Seusai pembahasan surat dari Jenderal De Kock, Kiai Maja berpamitan
kepada Pangeran Diponegoro untuk pulang ke Pajang. Sungguhpun, para
pendherek kurang menyepakati kalau Kiai Maja pulang ke Pajang, namun
Diponegoro mengizinkannya.
Tidak lama kemudian datanglah Sentot Prawiradirja dari Pagelen. Di
hadapan Pangeran Diponegoro, Prawiradirja melaporkan bahwa pasukannya telah
berhasil melumpuhkan pasukan musuh baik di Pagelen Barat maupun Pagelen
Tengah. Singkatnya, seluruh wilayah Pagelen sudah bisa dikuasainya. Mendengar
laporan Prawiradirja, Diponegoro merasa sangat bahagia.

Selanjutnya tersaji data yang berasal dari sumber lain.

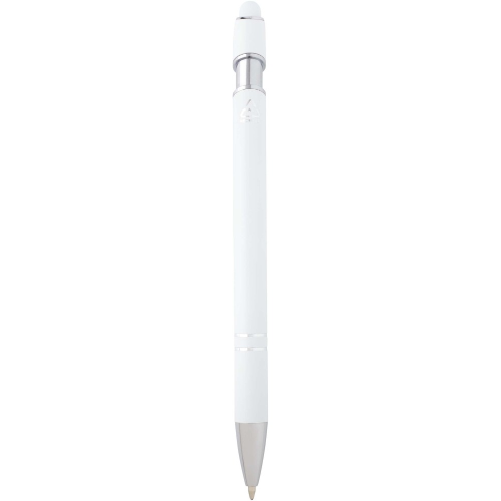 A Kish golyóstoll ezüst bevonattal újrahasznosított alumíniumból készült tolltesttel és szilikon, érintőképernyős véggel rendelkezik. Az újrahasznosított alumínium csökkenti a hulladék mennyiségét a lerakókban, hozzájárul a természeti erőforrások megőrzéséhez és a károsanyag-kibocsátás mérsékléséhez. Tinta színe: fekete. Íráshossz: 800 méter. Tollhegy mérete: 1,0 mm. Emblémázás: Gravírozás

Waktu terus bergerak. Hingga suatu saat, Pangeran Diponegoro ingin
meninggalkan Pengasih untuk bertempat tinggal di Pagelen yang sudah aman dari
serangan musuh. Namun sebelum pergi, datanglah Kiai Maja yang telah berjanji
kepada Mayor Belanda untuk menghentikan peperangan.
Di hadapan Pangeran Diponegoro, Kiai Maja mengutarakan isi hatinya
agar perang dihentikan. Diponegoro yang mengetahui bahwa perkataan Kiai Maja
tidak bisa dipegang, sontak marah. Karena ingin bertemu kembali dengan Mayor
Belanda itu, Kiai Maja meminta pamit pada Diponegoro untuk mati sabil.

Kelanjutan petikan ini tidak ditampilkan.